As Book Two closes, it is late spring of 1795, and Drake Carne learns from Geoffrey Charles that the Warleggans are pressuring Morwenna to marry Ossie Whitworth.

===Book Three===
Book Three, consisting of thirteen chapters, begins in late May and ends in early August 1795.

Key events are the failed Royalist expedition to France, the rescue of Dwight Enys, the death of Aunt Agatha, Morwenna's marriage to Ossie Whitworth and George's dawning realization that the paternity of his son, Valentine, may be in question.

- Plans are finalized for Ross to participate in the Quiberon expedition under the command of John Borlase Warren and Lord Bridport. The plans were largely hatched by the Comte de Puisaye. Caroline Penvenen is portrayed as being friends with Charles Eugène Gabriel de Sombreuil who also is involved in planning the expedition.
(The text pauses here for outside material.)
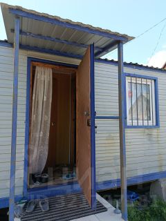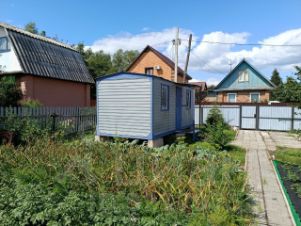 Ухоженный участок с установленным вагончиком-бытовкой.
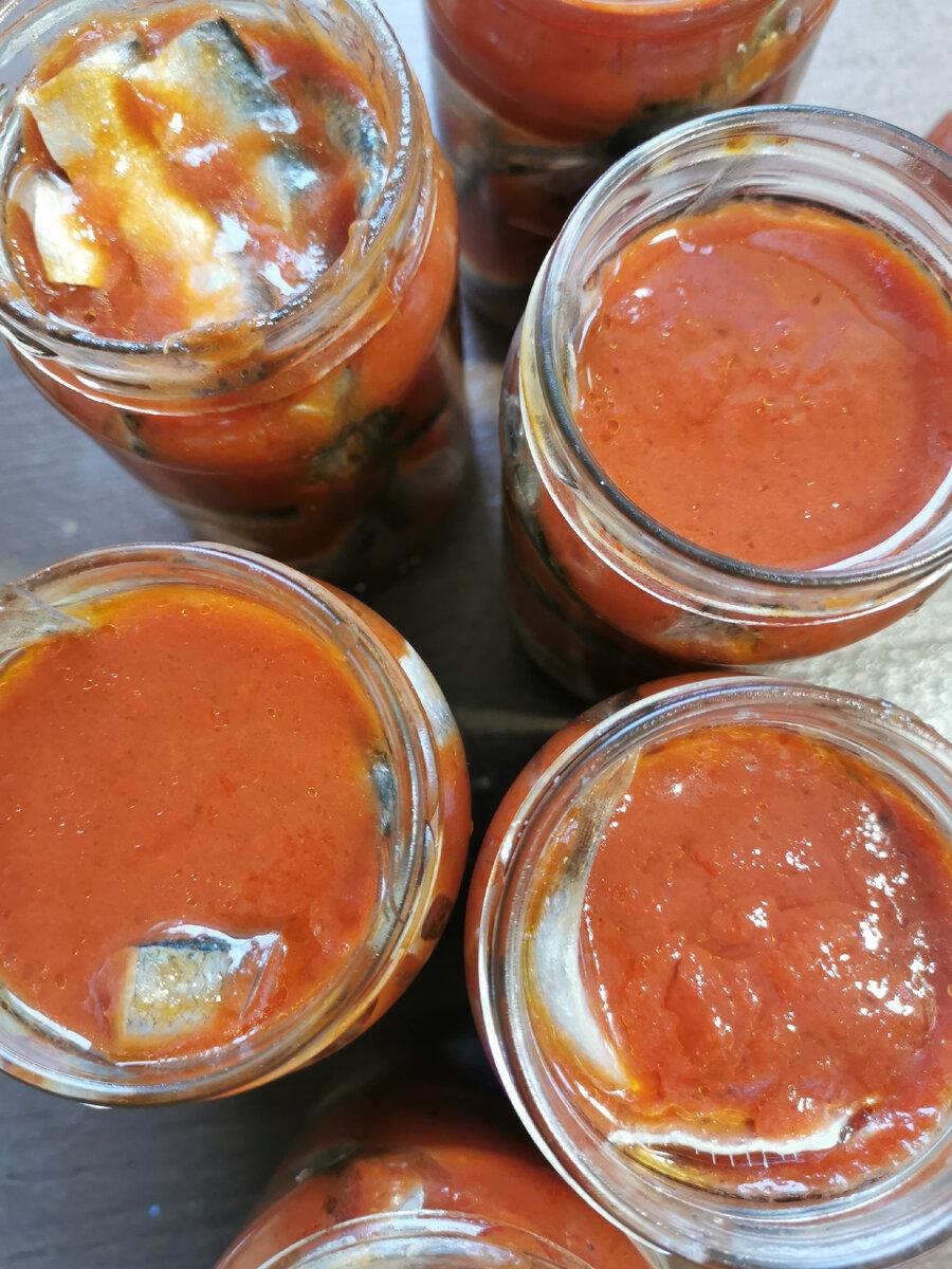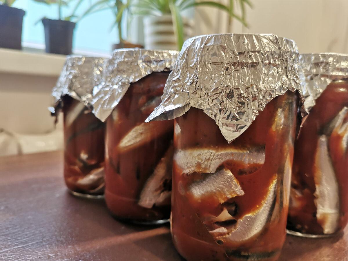6. Коли риба готова, закриваю кришками, які прокип’ятила. Перевертаю банки вкриваю до охолодження. Для більш яскравого смаку рекомендую настояти її пару тижнів, тоді рибка буде ароматніше.

"So supper ended, and in a panic she complained of sickness after the ride, and asked if tonight she might go early to bed. But the time of waiting, the time of delay was over; he had already waited too long. So he followed her up the stairs and into the bedroom smelling of old wood and new paint and there, after a few perfunctory caresses, he began carefully to undress her, discovering and removing each garment with the greatest of interest. Once she resisted and once he hit her, but after that she made no protest. So eventually he laid her naked on the bed, where she curled up like a frightened snail. Then he knelt at the side of the bed and said a short prayer before he got up and began to tickle her bare feet before he raped her."
— – Book 3, Chapter 12

- Having heard about a potential marriage between Morwenna and Ossie Whitworth, Drake Carne arranges to periodically meet her at Sawle Church. These meetings are observed by the pastor, who discloses them to George. Morwenna is furiously rebuked by George. George then notifies Ossie Whitworth that Morwenna has been "compromised by another man" thus at least temporarily ending the possibility of that marriage. Warleggan takes advantage of the troubles involving Geoffrey Charles to get his mother to agree to send him off to boarding school in the fall, a move that Elizabeth had previously been able to resist. Geoffrey Charles arranges a final farewell meeting between Morwenna, Drake and himself at Trenwith at a time when the Warleggans are out, and gives Drake a farewell present of his expensive christening Bible. 24 hours later, Drake is arrested and thrown in jail for the theft of this item.
- Ross muscles his way into an audience with Warleggan at Trenwith to request that Warleggan get the theft charges against Drake Carne dropped. Warleggan, as magistrate, will be hearing the same charges that he is bringing. Warleggan declines to have the charges dismissed. Ross then renews a threat he made two years ago, which is that unless Warleggan dropped his active hostilities, Ross would incite a miner uprising against Warleggan. Warleggan, considering his options, decides to drop the charges. Drake finds Ross to thank him. Ross invites Drake to join the French expedition, and Drake accepts.
- Ross Poldark, in conjunction with the French Royalists invading France in the Quiberon expedition, leads a small group of Cornishmen to find and rescue Dwight Enys. Through a series of James Bond-esque thrilling exploits, this mission is accomplished and Dwight is returned to Cornwall, albeit ill and greatly emaciated. Drake Carne distinguishes himself with his cleverness and bravery on these adventures, earning Ross's approval for the first time.
- When Drake Carne is in France, Morwenna is hastily married to Ossie Whitworth. George Warleggan organizes the marriage in retaliation for the pressure he received from Ross to dismiss the charges against Drake.
- Because of Drake's actions in France, Ross decides to set him up in business, partly to allow him to get a toehold in life that will enable him to marry Morwenna, only to discover that Morwenna was wed to Whitworth in their absence.
- Aunt Agatha plans a 100th birthday party for herself in August, in defiance of George's wishes. Two days before the party is to occur, George confronts her in her bedroom and tells her he has discovered a mistake and that she is only 98. Because of this, he tells her he is cancelling the party and sending notes to all her invited guests to that effect. This enrages her and she strikes out at him to imply that when Valentine was born, he was not a full-term baby: "Maybe ye didn't wait for the wedding ceremony, you and Elizabeth, eh? Maybe that was it. Was that it, eh?...Or maybe someone else was riding she afore ever you was wed! Eh? Eh? Your precious Valentine!" Later than night, Agatha dies and George reflects, "He had killed his viper. He had given it, he knew, a mortal wound. But as he took his foot from its neck it had turned and bitten his heel. And the venom it had left behind was working".

==Television adaptations==

The events chronicled in the novel The Black Moon are covered in episodes 1–7 of season 3 of the television adaptation that commenced in 2015.